Oil Price Outlook: Inflation Poses a Risk to Energy Demand

The timing of the current pullback in oil, just as US inflation hit a 30-year high might be instructive. Is high inflation starting to pose a risk to the demand outlook for oil? 

Oil markets overview

The justification for higher oil prices over the last 18 months has been two-pronged, that oil demand would outstrip supply during the post-pandemic recovery and that historic amounts of added liquidity from governments and central banks would lift the price of all commodities.

The supply side of the equation looks intact. Despite pressure from the Biden administration, OPEC+ decided to stick to a plan that would only raise production only gradually. Demand for oil remains strong as travel restrictions are eased and as factories worldwide catch up from lost production in 2020. 

But rising inflation is clouding the outlook. Inflation expectations are growing from already elevated levels following this week’s bumper US CPI report.
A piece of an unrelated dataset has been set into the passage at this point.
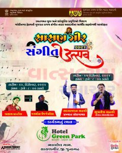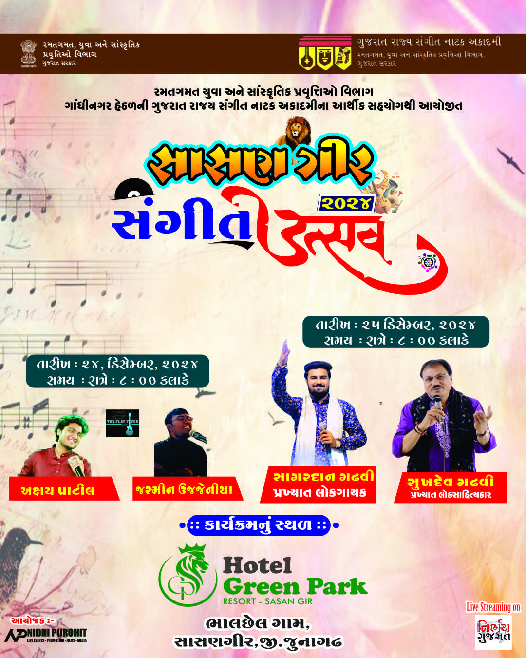 ગુજરાત સરકાર ની સંગીત નાટક અકાદમીના સહયોગથી તા. ૨૪ અને ૨૫ ડિસેમ્બરે સાસણ ગીર ખાતે “સાસણ ગીર સંગીત ઉત્સવ – ૨૦૨૪ નું આયોજન

The open questions moving forwards are: 

  1. Will inflation start to weigh on economic growth and curb demand for oil?
  2. How quickly will central banks tighten policy to curb inflation (and demand)? 

What’s happening to the oil price?

Oil prices have rebounded from below zero (WTI basis) in April of 2020 to $84 per barrel in November of 2021. 

Source: TradingView


The weekly chart of WTI  prices shows that oil prices have broken out to a new range but are in the midst of a 2-week consolidation. Former resistance is now supported near $77 per barrel. The upper end of the spectrum is the 2014 highs near $107.90 per barrel. 


Source: TradingView


Short-term momentum is positive. Prices are also overbought as the fast stochastic prints a reading of 95, well above the overbought trigger level of 80. Medium-term momentum is positive as the MACD (moving average convergence divergence) histogram prints in positive territory with a rising trajectory which points to higher prices.

The bullish case for oil


With demand rising and supplies remaining subdued, the Biden Administration asked OPEC and Russia to consider increasing production. Officials from OPEC, Russia, and Gazprom (who helps supply Europe), denied these requests and decided to maintain a plan to raise output by 400,000 barrels a day. 

Biden is trying to focus on OPEC and Russia. Meanwhile, in his own backyard, oil output is still down 1.7-million barrels a day from the peak seen in 2019. Biden said, " The jump in oil prices is a consequence of, thus far, the refusal of Russia or OPEC nations to pump more oil." Despite a plea to Saudi Arabia and Russia, the 23 oil-producing cartels remained steadfast.

Inventories decline 

According to the Energy Information Administration, U.S. crude oil inventories increased to 533 million barrels by the end of Q2 2020, from 440 million barrels at the end of January 2020. By September 2021, crude oil stockpiles declined to 413 million barrels . The U.S. Department of Energy believes that petroleum demand has returned to pre-pandemic levels. 

Oil infrastructure

Part of the reason supply has not been able to respond as quickly to the uptick in demand has been less investment in oil infrastructure and a move toward a green energy policy. While the total number of U.S. active oil rigs has rebounded since the lows of July 2020, the number of active rigs is still approximately half of the highs seen in 2019. 

Risk to the oil outlook


Inflation is on the rise, and higher petroleum costs are spilling over into consumer prices. According to the U.S. Labor Department, the October CPI was up a robust 6.2% year over year. Core inflation which excludes food and energy, was up 4.8% year over year. The hot consumer price inflation report follows a report that showed that wholesale prices rose 8.6% year over year in October.

The risk is that rapid increases in oil prices are self-defeating. Higher prices at the pump mean less spending power for consumers and higher energy costs mean the price of everything else is going up too, possibly resulting in even less spending. In ordinary circumstances consumer spending might have already tailed off but generous pandemic-era unemployment benefits are offsetting some of the rise in prices.

Central banks

Easy money policies from both central banks and helicopter money from national governments helped spur a very quick economic turnaround. The Federal Reserve might have just started tapering but is still buying billions in Treasuries each month, while the Biden administration just passed a $1 trillion infrastructure bill with possibly another $2 trillion in spending on the way.

At some point markets will need to price-in an end to these kinds of policies, perhaps in response to runaway inflation, and one way that can manifest is through a lower oil price.

Betting on higher oil

The demand/supply imbalance is increasing the number of bets that oil prices will continue to rise. According to the latest Commitment of Traders report released by the Commodity Futures Trading Commission, managed money is long 357K crude oil futures and options contracts - nearly 10-times the number of hedge funds that are short-oil-futures and options. The trend is clearly with oil bulls but the trade looks increasingly overcrowded.